Come accennato, tuttavia, la gran parte delle critiche che si riservano a tale espressione scaturiscono proprio dal suo significato o, meglio, dalla sua derivazione etimologica. Come precisa la terapista sessuale Stephanie Buehler su Shape:

Etichettare le persone transgender e di genere non binario come “storte” è stigmatizzante, perché la parola “storto” ha numerosi significati, alcuni dei quali particolarmente negativi.

E sono, appunto, questi ultimi a far storcere il naso a molti membri della comunità LGBTQI+, che vedono, nella skoliosessualità, un tentativo di “feticizzazione” delle persone trans e, in generale, non binarie, raggruppate, in un certo senso, in una grande e unica “categoria queer”. Senza considerare, come spesso accade, che le persone che la compongono sono dotate di identità, caratteri e inclinazioni differenti e individualità proprie, non catalogabili ed etichettabili.
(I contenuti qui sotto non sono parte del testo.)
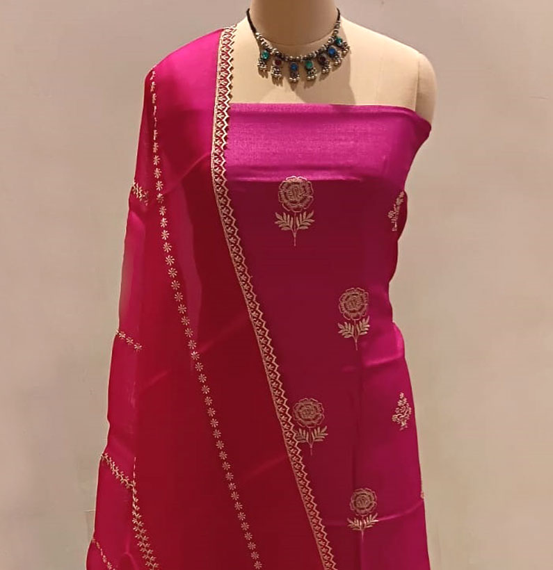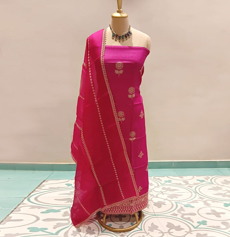 Be the first to review “Tussar silk embroided suit magenta” Cancel reply

Spezza una lancia a favore dell’espressione, invece, Jesse Kahn, terapista sessuale e direttore del Gender & Sexuality Therapy Center di New York, che su Vanity Fair afferma che:

La creazione del termine credo volesse segnalare la consapevolezza culturale e la rilevanza della varietà di genere, della fluidità di genere e delle persone trans e non binarie.
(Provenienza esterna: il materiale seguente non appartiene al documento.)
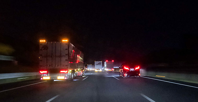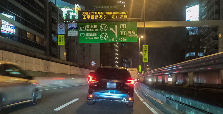 金曜の22時に出発して、渋谷ICから首都高。そのまま東名にスイッチしてひたすら西に進む。この時間帯にしては、想像よりも一般車が多く走っている印象。
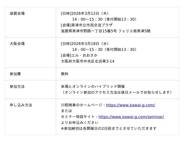 <セミナー詳細、申し込み:https://www.kawai-g.com/seminar/>
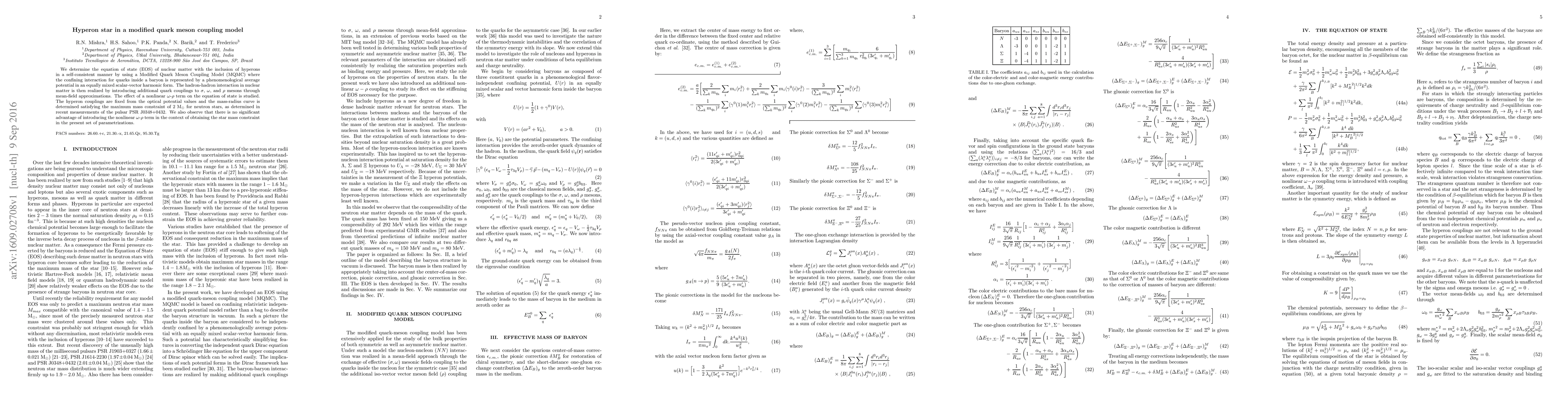 We determine the equation of state (EOS) of nuclear matter with the inclusion of hyperons in a self-consistent manner by using a Modified Quark Meson Coupling Model (MQMC) where the confining interaction for quarks inside a baryon is represented by a phenomenological average potential in an equally mixed scalar-vector harmonic form. The hadron-hadron interaction in nuclear matter is then realized by introducing additional quark couplings to $\sigma$, $\omega$, and $\rho$ mesons through mean-field approximations. The effect of a nonlinear $\omega$-$\rho$ term on the equation of state is studied. The hyperon couplings are fixed from the optical potential values and the mass-radius curve is determined satisfying the maximum mass constraint of $2$~M$_{\odot}$ for neutron stars, as determined in recent measurements of the pulsar PSR J0348+0432. We also observe that there is no significant advantage of introducing the nonlinear $\omega$-$\rho$ term in the context of obtaining the star mass constraint in the present set of parametrizations.

Un modo per designare, dunque, la fluidità della nostra sessualità, agglomerando, in una sola locuzione, corpi e identità anche molto distanti tra loro.

Come sempre in caso di diatribe e disaccordi, l’ultima parola, però, deve spettare alle persone che, in tale locuzione, vi si riconoscono. Sono solo loro le più legittimate a dichiarare se l’espressione utilizzata si trova in sintonia con ciò che sentono a livello profondo e se rispecchia pienamente la propria attrazione e “posizione” nel mondo. E nessuno può farlo al posto loro.
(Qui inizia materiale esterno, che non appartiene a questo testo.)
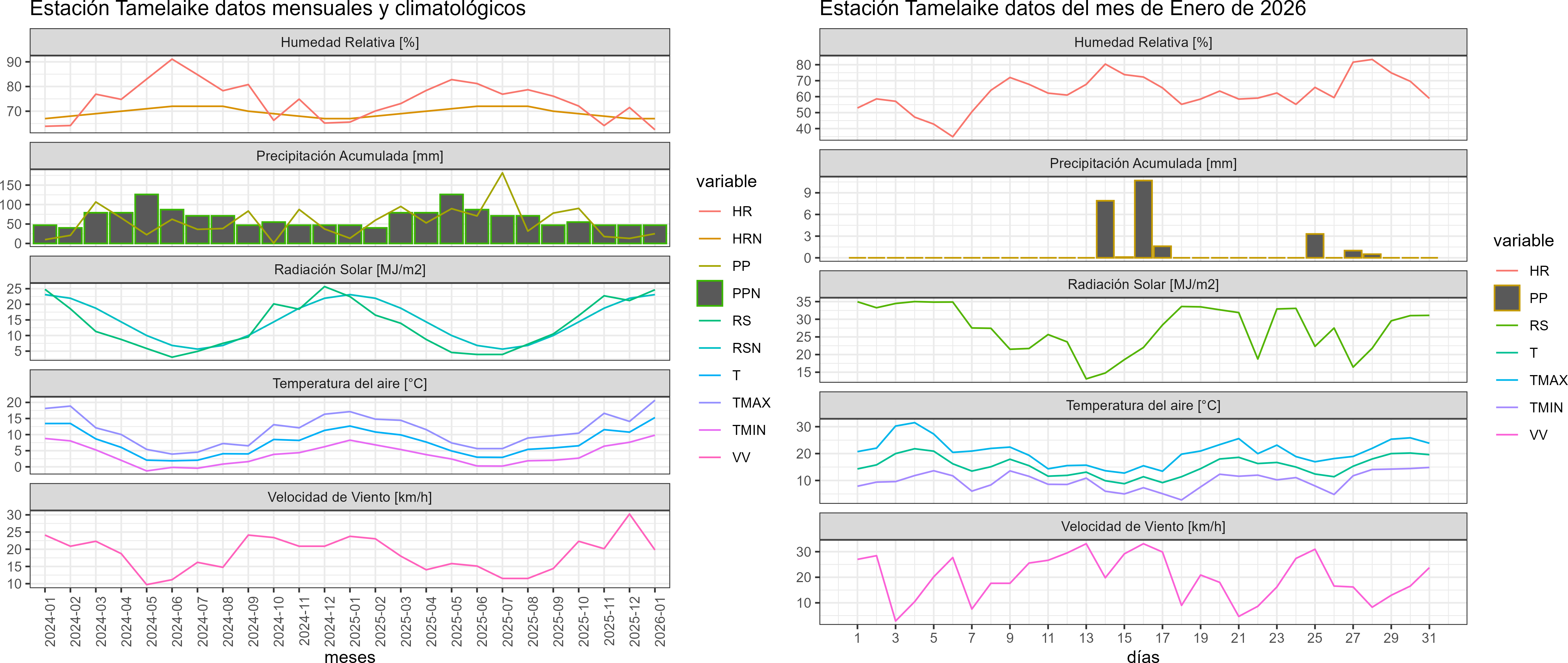 La estación Tamelaike corresponde al distrito agroclimático 11-3. Para este distrito climático la temperatura mínima, media y máxima climatológicas alcanzan los 7.1°C, 12.4°C y 17.7°C respectivamente. Por su parte, respecto a las temperaturas medidas durante el mes de enero en la estación: la temperatura mínima alcanzo los 9.8°C (2.7°C sobre la climatológica), la temperatura media 15.3°C (2.9°C sobre la climatológica) y la temperatura máxima llegó a los 20.7°C (3°C sobre la climatológica). En el mes de enero se registró una pluviometría de 25.1 mm, lo cual representa un 38.6% con respecto al mismo mes de un año normal. De enero a enero se ha registrado un total acumulado de 25.1 mm, en circunstancias que un año normal registraría a la fecha 65 mm, lo que representa un déficit de 61.4%. A la misma fecha, durante el año 2024 la precipitación alcanzaba los 13.3 mm.

Da chi sono attratti gli skoliosessuali?

Abbiamo detto che le persone skoliosessuali sono attratte da individui genderqueer. Ma che cosa significa, esattamente, essere genderqueer?

Il termine è una “espressione-ombrello” utilizzata per designare tutti coloro che non amano rientrare nella distinzione canonica tra maschile e femminile. Nello specifico, significa che le persone queer non si identificano, necessariamente, né con il sesso attribuito alla nascita, né con la dicotomia comunemente accettata tra i generi.

Come si legge su Bossy:

I genderqueer possono dunque appartenere a un terzo genere, a entrambi o a nessuno. Possono inoltre scegliere un percorso medicalizzato per avvicinarsi di più alla rappresentazione fisica che sentono appartenere loro, così come possono non farlo (c’è chi si fascia il seno, c’è chi lo rimuove, chi non effettua operazioni ma intraprende una cura ormonale, chi esprime il proprio io mischiando capi convenzionalmente considerati femminili con quelli maschili, e così via).

In questo bacino di possibilità possiamo, quindi, incontrare persone bigender (chi si identifica in entrambi i generi), agender (coloro che, al contrario, non sentono proprio nessun genere), transgender (gli individui che sentono di possedere un’identità di genere diversa da quella assegnata alla nascita) e transessuali (ossia i transgender che hanno deciso di avviare un percorso medicalizzato per la riassegnazione dell’identità di appartenenza).

Le possibilità sono innumerevoli, così come le forme dell’attrazione. L’importante è lasciarsi liberi di essere se stessi e di essere affascinati da chi desideriamo. Al di là delle convenzioni.